In the present embodiment, a program for causing the controller 210 to execute the video management method described above is provided. According to such a video management method, it is possible to reduce management errors using a plurality of cuts in video shooting. The controller 210 may control the display 240 that displays information related to video shooting including a plurality of cuts according to an operation input on the user interface 230 to which an operation of a user is input.

Second Embodiment

Hereinafter, a second embodiment of the present disclosure will be described with reference to FIGS. 22A to 24. In the first embodiment, an imaging system 10 has been described that performs cut relocation processing on a video with a cut error found by a user. In the second embodiment, an imaging system 10 that automatically detects a video predicted to be a cut error will be described.

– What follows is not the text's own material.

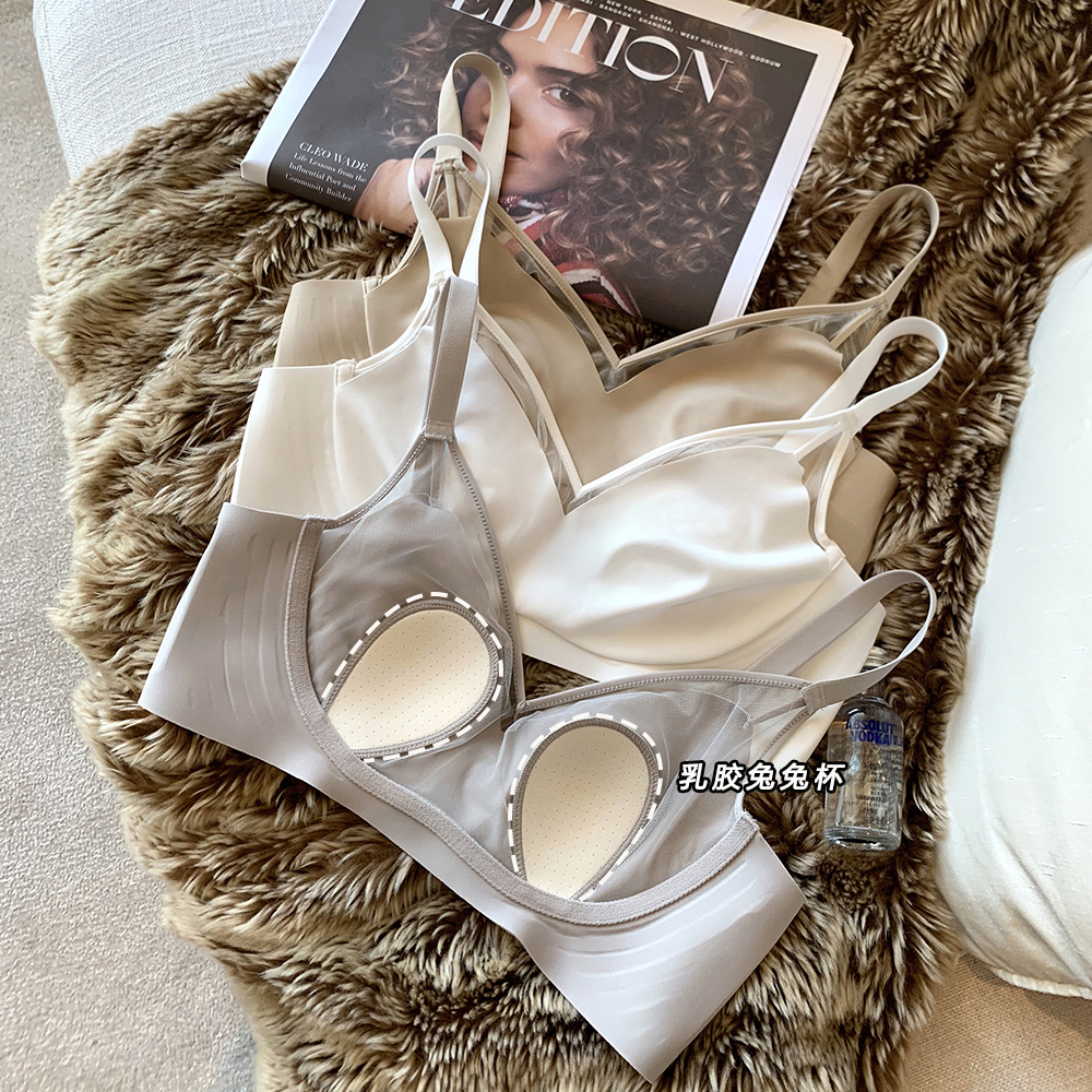 Ultra thin lingerie female rabbit ears Water crystal cup lace sexy no steel ring big chest display small collection of secondary milk without scar underwear hood

Hereinafter, description of configurations and operations similar to those of the imaging system 10 and the information support terminal 200 according to the first embodiment will be omitted as appropriate, and the imaging system 10 and the information support terminal 200 according to the present embodiment will be described.

FIG. 23 is a diagram for explaining automatic detection processing in the imaging system 10 of the second embodiment. In performing an operation similar to that of the imaging system 10 of the first embodiment, the present system 10 compares a storyboard for each cut with each video by image recognition, and automatically detects a video with a cut error, for example.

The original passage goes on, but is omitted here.